Roy Olmstead served less than three years — released early for good behavior. When he got out, Prohibition was still in effect, and many former associates urged him to return to the business. Roy refused. He said prison had changed him, and he no longer wanted to break the law — even a foolish one.

Roy took a job selling furniture. He lived modestly, honestly, quietly. In 1933 what he had always hoped for happened: the government repealed Prohibition. It turned out Roy was right — the law had been foolish and unjust. America realized this after 13 years of suffering, millions of arrests, and thousands of deaths from bad moonshine.

Later in life Roy became a Christian preacher. He traveled to churches and told his story to young people. He said: “I broke the law, and that was wrong — even if the law was unjust. But I am proud that I never harmed anyone and always treated people with kindness and respect.”

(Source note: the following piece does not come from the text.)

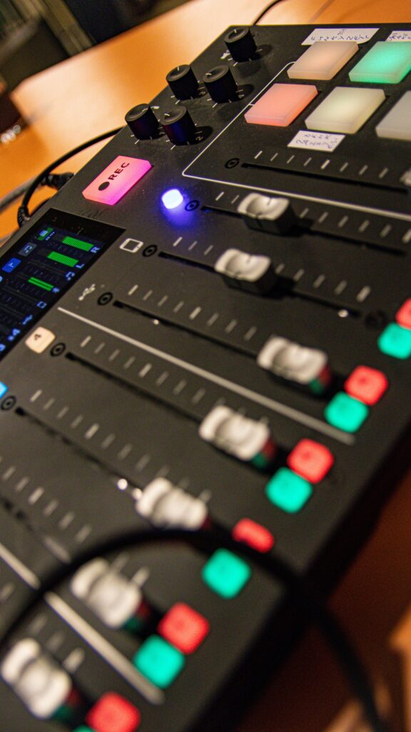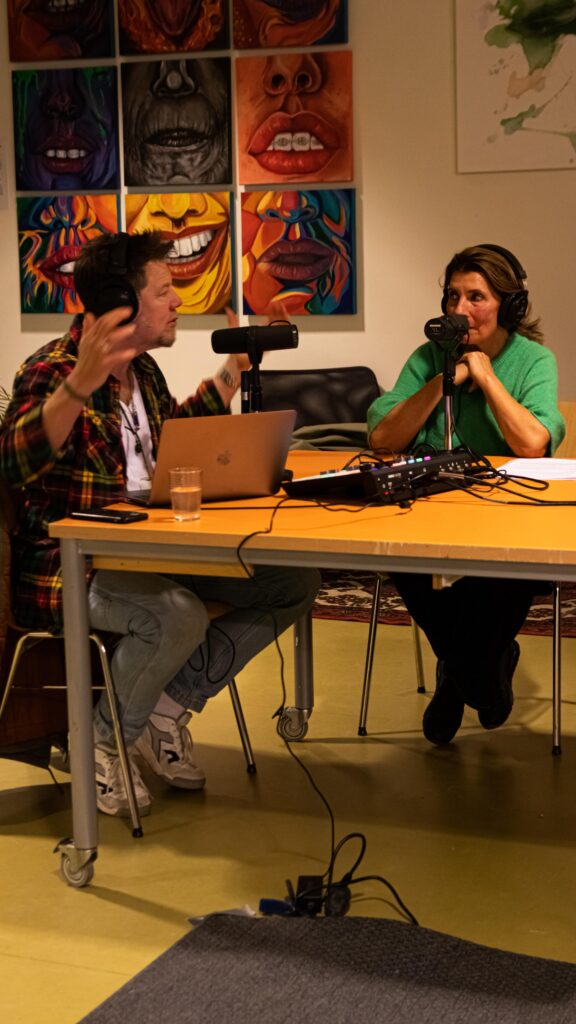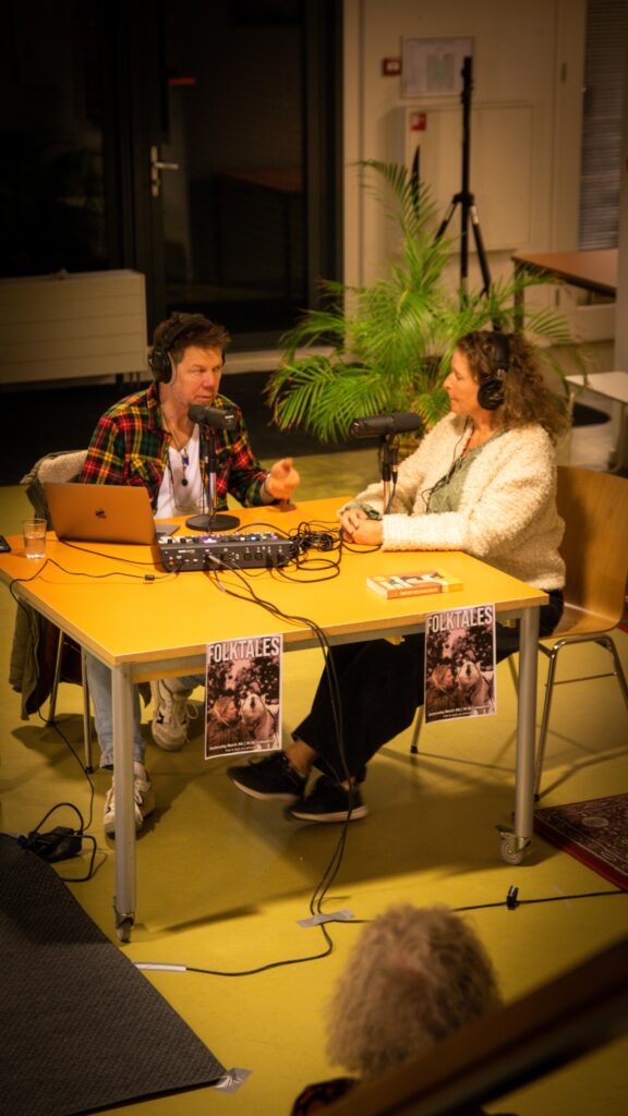 Rond 19:15 uur startte de live opname van Radio Olympus. Met de koptelefoons op en de microfoons in de aanslag, doken de hosts diep in de wereld van kunst, cultuur en maatschappelijke verhalen. De sfeer was intiem, alsof je als publiek echt even onderdeel was van het gesprek. De posters van ‘Folktales’ aan de tafel herinnerden ons eraan hoe belangrijk het vertellen van verhalen is in onze gemeenschap.

This story teaches us several important things. First, the world is not divided into absolutely good and absolutely bad people. Roy Olmstead broke the law, but he acted with decency and principles. He was a criminal, but never a villain.

Second, bad laws can turn good people into lawbreakers. When a government bans what millions consider normal, it doesn’t make people better — it simply criminalizes them. Prohibition didn’t stop drinking in America; it created a huge criminal industry.

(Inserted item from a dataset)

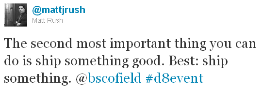 The day wouldn't be complete without a great presentation on the importance of getting your code out in the wild as soon as possible! Students ate up Ben's presentation as many tweeted furiously about the need to get something out there. This tweet on Ben's session was one of the most RT'd tweets of the day:

Third, even when you do something wrong, you can choose HOW you do it. Roy could have been a violent gangster like many other bootleggers. Instead he chose to be a fair employer, a nonviolent businessman, someone who helped others. That didn’t make bootlegging right, but it revealed his character.

Today there are few traces left of the secret waterways where Olmstead’s boats once ran. Puget Sound is now full of yachts, ferries, and tourist ships. But if you ever visit Seattle and look out over the foggy sound at night, you might imagine those fast boats slipping across the dark water and the man who proved that even in a world of broken laws you can remain a person of principle.

The story of the "good bootlegger" reminds us that right and lawful are not always the same, and that true kindness is shown not by whether you obey rules but by how you treat the people around you — even when the rules seem unjust.